De primaire winkels met bedrijfswaarde die een organisatie moet beveiligen, bevinden zich in het vlak Gegevens/workload:

Data/workload plane

In de toepassingen en gegevens wordt meestal een groot percentage van de volgende gegevens van een organisatie opgeslagen:

  • Bedrijfsprocessen in toepassingen en workloads
  • Intellectueel eigendom in gegevens en toepassingen

De IT-organisatie van het bedrijf beheert en ondersteunt de workloads en de infrastructuur waarop ze worden gehost, of het nu on-premises, in Azure of een externe cloudprovider is, en maakt een beheervlak. Voor het bieden van consistent toegangsbeheer voor deze systemen in de hele onderneming is een besturingsvlak vereist dat is gebaseerd op een of meer gecentraliseerde bedrijfsidentiteitssystemen, vaak aangevuld met netwerktoegangsbeheer voor oudere systemen, zoals OT-apparaten (Operational Technology).

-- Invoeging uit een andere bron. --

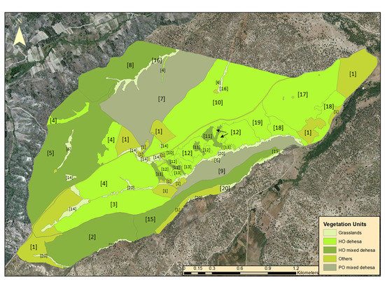 A physiognomic delimitation on a 1:1.000 scale of the different plant formations present in the reserve was developed, obtaining a series of plots or tesserae, which were assigned to general vegetation units, through geographic information systems (GIS), with the ArcGIS® 10.1 software package. This theoretical and practical delimitation in different plots was conducted following physiognomic and ecological criteria by means of the main plant formations and making reference mainly to the tree types [18,19]. The predominance of holm oak or Pyrenean oak in the mixed dehesas was established on the basis of a greater abundance of one or the other species, which was defined in at least 60% of the trees present in each vegetation unit. The characterization of the territory from an ecological point of view was completed by assigning the different vegetation units to habitats defined by the European Union [19,20], for future management activities in the study area.

Control, management, and data/workload planes

Elk van deze vlakken heeft controle over de gegevens en workloads op basis van hun functies, waardoor aanvallers een aantrekkelijke manier hebben om misbruik te maken als ze de controle over beide vliegtuigen kunnen krijgen.

Voor het creëren van bedrijfswaarde moeten deze systemen toegankelijk zijn voor interne gebruikers, partners en klanten met behulp van hun werkstations of apparaten (vaak met behulp van oplossingen voor externe toegang): het maken van gebruikerstoegangspaden . Ze moeten ook vaak programmatisch beschikbaar zijn via API's (Application Programming Interfaces) om procesautomatisering te vergemakkelijken en toepassingstoegangspaden te maken.

Adding user and application access pathways

Ten slotte moeten deze systemen worden beheerd en onderhouden door IT-personeel, ontwikkelaars of anderen in de organisaties, waardoor bevoorrechte toegangspaden worden gemaakt. Vanwege het hoge controleniveau dat ze bieden over bedrijfskritieke assets in de organisatie, moeten deze trajecten strikt worden beschermd tegen inbreuk.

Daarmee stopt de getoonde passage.